A research team has developed an AI system capable of inferring exact mathematical equations from images of physical fields — recovering the kind of analytical solutions that scientists normally derive through prolonged manual work — and demonstrated that an open-weight model can outperform leading closed-source AI on the task.

The capability, called visual-to-symbolic analytical solution inference (ViSA), addresses a gap in AI-assisted science: most current models can describe what a visualisation looks like, but cannot extract the underlying mathematical law it encodes. The paper, posted to ArXiv in April 2025, focuses on two-dimensional linear steady-state physical fields — think temperature distributions, electrostatic potentials, or laminar fluid flows — where the governing equations are well-defined but visually hidden.

From Pixels to Equations: What the System Actually Does

Given an image of a physical field — a colour-mapped plot showing how a quantity varies across space — plus optional images of its first-order derivatives and a small amount of metadata, ViSA-R2 must output a single, fully specified mathematical expression. The expression is produced in SymPy, a Python library for symbolic mathematics, meaning it is executable and verifiable, not just a textual description.

This is harder than it sounds. The model must not only identify the general shape of the solution — what the researchers call the ansatz, or structural hypothesis — but also pin down every numerical constant within it. A solution that gets the structure right but the constants wrong is physically useless.

The model must output a single executable SymPy expression with fully instantiated numeric constants — a solution that gets the structure right but the constants wrong is physically useless.

To handle this, the team designed a reasoning pipeline called self-verifying, solution-centric chain-of-thought. It walks through four stages modelled on how a physicist would approach the problem: recognising structural patterns in the image, forming a hypothesis about which family of solutions fits, deriving the specific parameters, and then checking the result for internal consistency. This staged approach is intended to reduce the hallucination of plausible-but-wrong equations.

ViSA-Bench: A Standardised Test for a New Capability

Alongside the model, the researchers released ViSA-Bench, a synthetic benchmark designed to evaluate this capability systematically. It covers 30 linear steady-state physical scenarios with verified analytical and symbolic ground-truth annotations, making it possible to score predictions objectively.

The benchmark evaluates models on three dimensions: numerical accuracy (are the constants right?), expression-structure similarity (does the equation have the correct mathematical form?), and character-level accuracy (does the symbolic output match the ground truth string?). The combination is intentional — each metric catches different failure modes that the others might miss.

The benchmark is described as VLM-ready, meaning it is formatted for direct use with vision-language models, lowering the barrier for other research groups to run their own evaluations under a standardised protocol.

Open Model Performance on the Benchmark

The core model, ViSA-R2, runs on Qwen3-VL, an open-weight vision-language model with 8 billion parameters developed by Alibaba. According to the authors' evaluation, ViSA-R2 outperforms both strong open-source baselines and closed-source frontier vision-language models tested. These benchmark results are self-reported by the authors and have not yet been independently replicated.

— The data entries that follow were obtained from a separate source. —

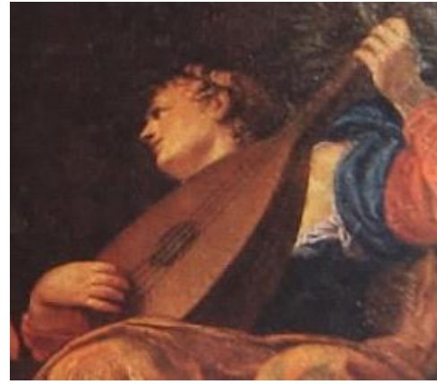
ΤΟΙΧΟΓΡΑΦΙΑ ΓΙΑ ΤΗΝ ΠΑΛΙΑ ΒΙΒΛΙΟΘΗΚΗ ΤΟΥ ΑΓΙΟΥ ΜΑΡΚΟΥ: "Η ΜΟΥΣΙΚΗ" ΕΡΓΟ ΤΟΥ ΒΕΡΟΝΕΖΕ - ΤΩΡΑ ΣΤΗ ΜΑΡΚΙΑΝΗ ΒΙΒΛΙΟΘΗΚΗ ΣΤΗ ΒΕΝΕΤΙΑ.
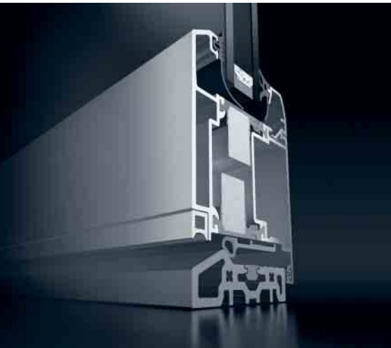
Schüco Tür ADS 70 RL.HI Schüco Door ADS 70 RL.HI
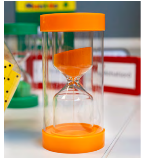
Ett timglas kan hjälpa till att hålla koll på tiden.
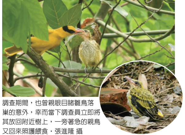
調查期間，也曾親眼目睹雛鳥落巢的意外，幸而當下調查員立即將其放回附近樹上，一旁著急的親鳥又回來照顧餵食。張進隆 攝

鳥類的繁殖主要分為四個階段，築巢期、產蛋期、孵蛋期以及育雛期，由於黃鸝需在10-20公尺以上較為高大茂密的樹林中築巢，因不易觀察巢中繁殖狀況，故無法得知產蛋期和孵蛋期的時間，僅能透過親鳥的行為大概推算出繁殖狀況。黃鸝的繁殖過程從築巢至幼鳥離巢約需一個月的時間，築巢期約為一週，坐巢期間(包含產蛋期和孵蛋期)約為15-20天，而育雛期則約需10-13天。
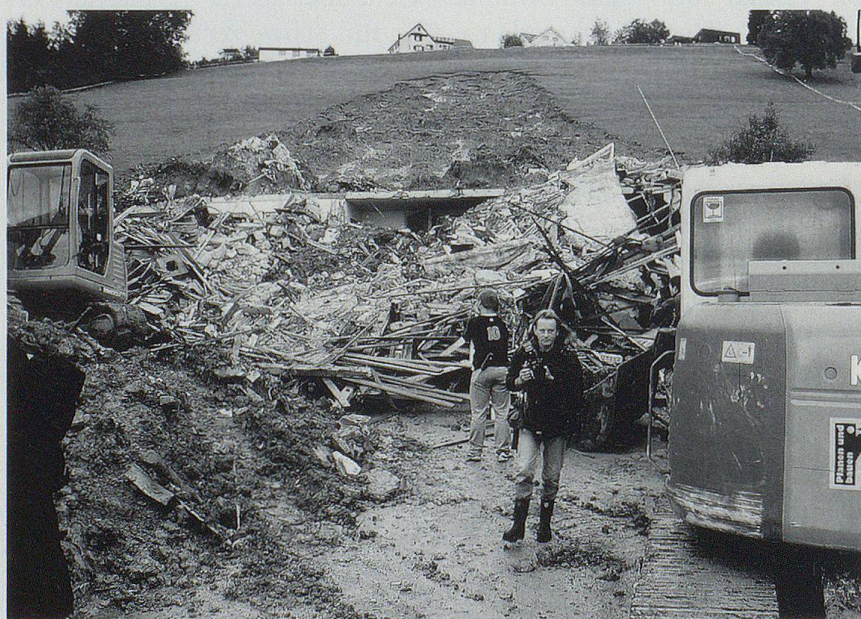
Was in Lutzenberg nach einem verheerenden Unwetter von diesem Haus noch übrig blieb; drei Bewohner fanden den Tod.
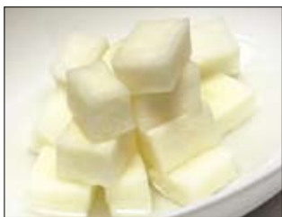
128. Oshinko 3,50 eingelegter Rettich
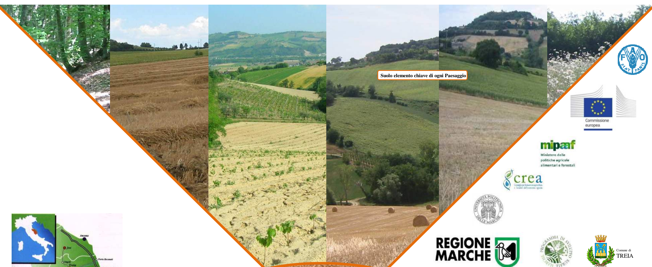
Suolo elemento chiave di ogni Paesaggio

The choice of an 8B open model is significant. It suggests the performance gains come primarily from the specialised reasoning pipeline and training approach rather than raw model scale. If that holds under independent scrutiny, it points toward a practical path: domain-specific reasoning architectures may be more efficient than simply using larger general-purpose models for scientific tasks.

The paper does not name which closed-source models were tested in the comparison, referring instead to "evaluated closed-source frontier VLMs" — a detail that independent reviewers will likely want clarified.

Why Scientific Visualisation Is a Hard Problem for AI

Current vision-language models are generally trained to describe images in natural language or answer factual questions about them. Scientific visualisations present a different challenge: the meaningful information is encoded in gradients, contours, symmetries, and spatial relationships that must be translated into formal mathematical structure, not words.

Previous approaches to equation discovery — a field sometimes called symbolic regression — typically operate on raw numerical data rather than images. ViSA-R2 is designed to work when only a rendered visualisation is available, which is often the case when reading published research papers, textbooks, or archived datasets where the underlying data is no longer accessible.

This positions the technology as a potential tool for automated literature mining: feeding scientific figures into a system that can extract and formalise the physics encoded in them, rather than requiring a human expert to do so.

What This Means

If ViSA-R2's performance holds under independent evaluation, it represents a concrete step toward AI systems that can extract quantitative scientific knowledge directly from the visual record of published research — compressing work that currently takes expert hours into seconds.